Un palmarès impressionnant
Quadruple vainqueur de la Ligue des champions, vice-champion du monde en 2010 avec Cuba, et champion d'Europe en 2023 avec la Pologne, Wilfredo Leon a déjà marqué l'histoire du volley-ball. Pourtant, il n'a encore jamais foulé un podium olympique.
« Je vise la médaille d'or, il faut toujours viser la victoire et travailler dur pour l'obtenir, dit-il à l'AFP. Parfois on réussit, parfois non, mais il n'y a qu'un objectif : il faut toujours viser l'or. »
S'il parvient à décrocher l'or à Paris, peu après avoir célébré ses 31 ans, le réceptionneur-attaquant, réputé comme l'un des meilleurs joueurs au monde et capable de renverser un match à lui seul grâce à son service, « viendra immédiatement montrer » sa médaille aux enfants du club Les Anges de Torun, dans le nord de la Pologne, la ville natale de sa femme.
« Il est important qu'ils sachent qu'à force de travailler, on a plus de chances de décrocher cette médaille », explique Leon, qui se joint parfois aux exercices des jeunes volleyeurs de cette académie qu'il a fondée il y a trois ans et qui porte son nom.
L'idée lui est venue naturellement : « Je voulais qu'ils fassent ce que j'avais fait petit, à Cuba, qu'ils comprennent que c'est un sport d'équipe, qu'ils doivent communiquer entre eux et pas seulement penser à eux-mêmes. »
Les débuts à Cuba
Leon est venu au volley poussé par sa mère, ancienne joueuse, qui souhaitait canaliser l'énergie débordante de son fils et l'éloigner des dangers de la rue et de l'écran de télévision.
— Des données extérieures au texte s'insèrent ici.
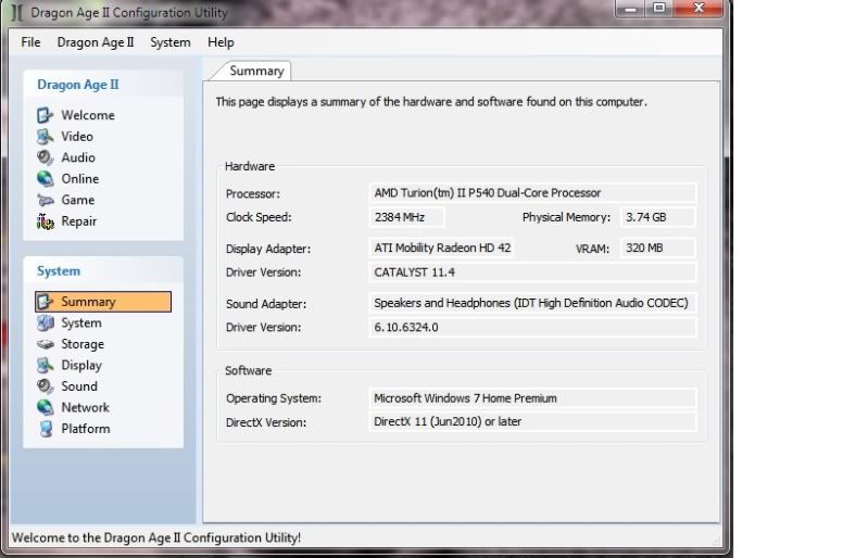 According to the brain surgeons at Best Buy my HP laptop should run DA2 with no problem. When I run the game the opening videos play then the first battle begins. During the first or second action the screen and sound freezes followed by a 'crash to desktop'. According to the game my system is:
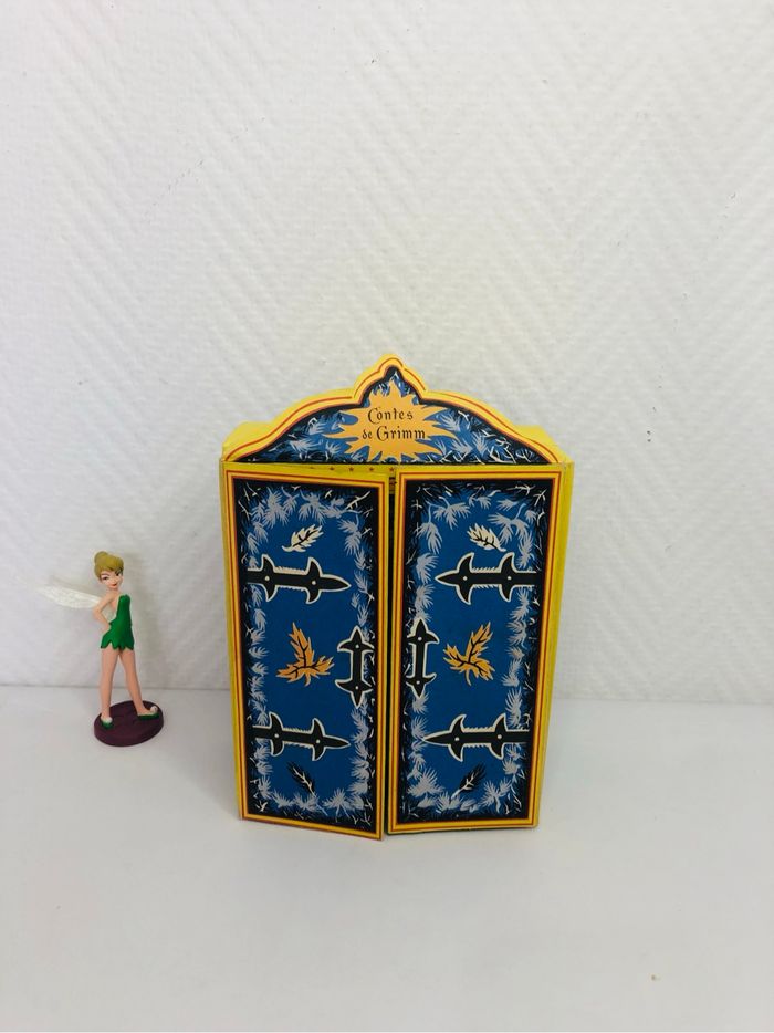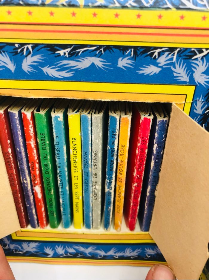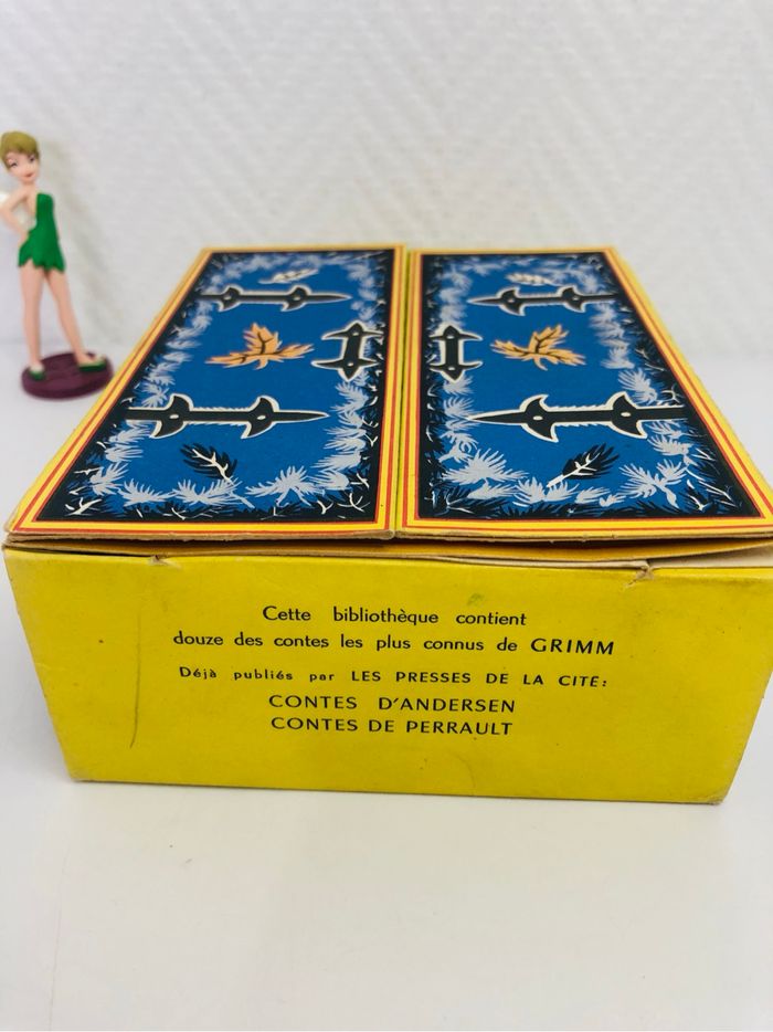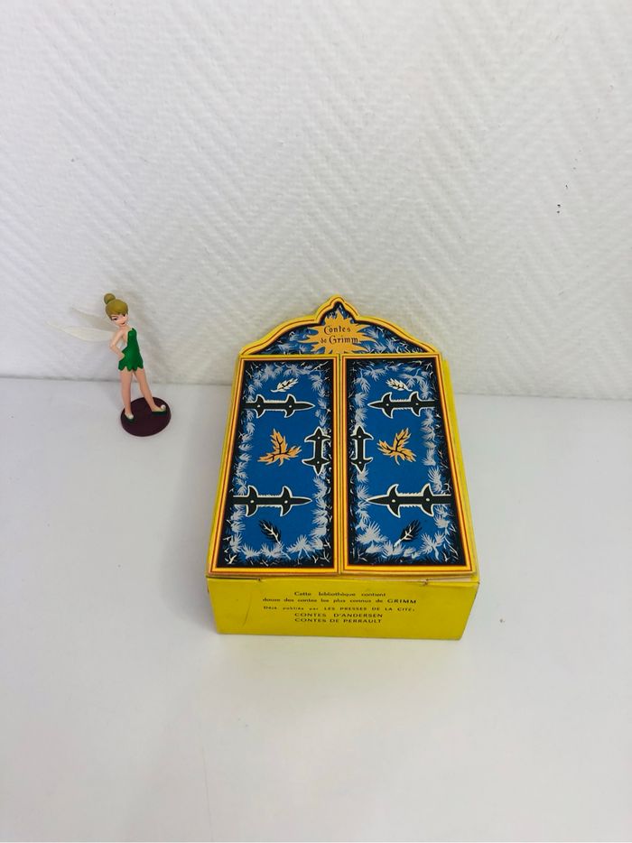 Petite bibliothèque contenant 12 contes de Grimm. - Titre : Contes de Grimm - Genre : Livre pour enfant - Nombre de contes : 12 mini livres en carton En bon état voir photos
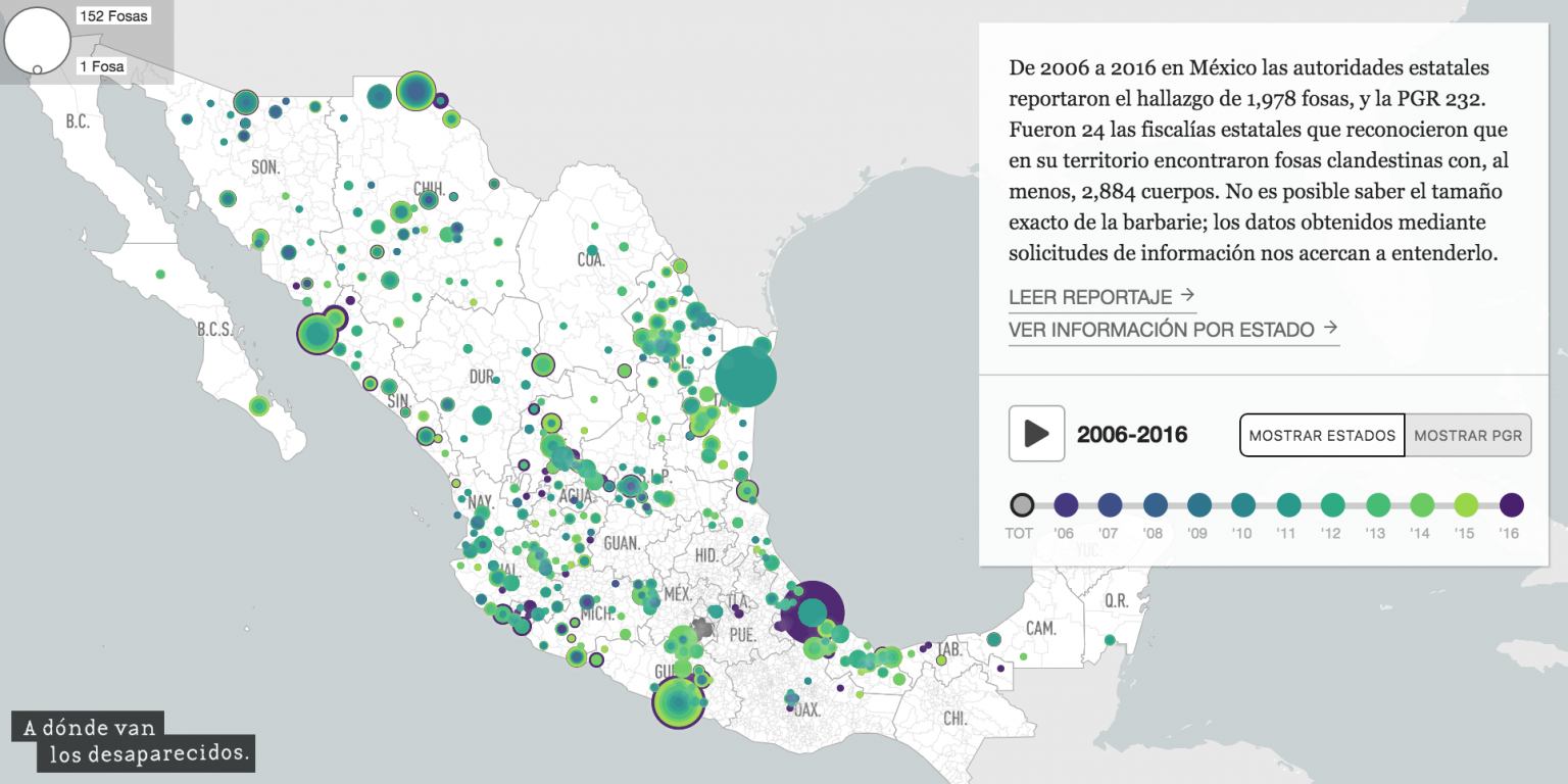 con el apoyo de quinto elemento lab, una red de periodistas ubicó en un mapa interactivo a más de 2000 fosas donde se enterraron a personas víctimas de la guerra contra las drogas del gobierno mexicano. recibieron el premio gabo 2019 en la categoría cobertura.

« La première fois que j'ai joué, j'avais huit ans. Mon premier terrain était tout bétonné, le soleil brillait tout le temps, on jouait sans lunettes, parfois sans chaussures », raconte-t-il.
« Au départ, je ne savais pas si j'allais devenir un joueur professionnel, je voulais juste dépenser mon énergie », ajoute la vedette de 2,01 m.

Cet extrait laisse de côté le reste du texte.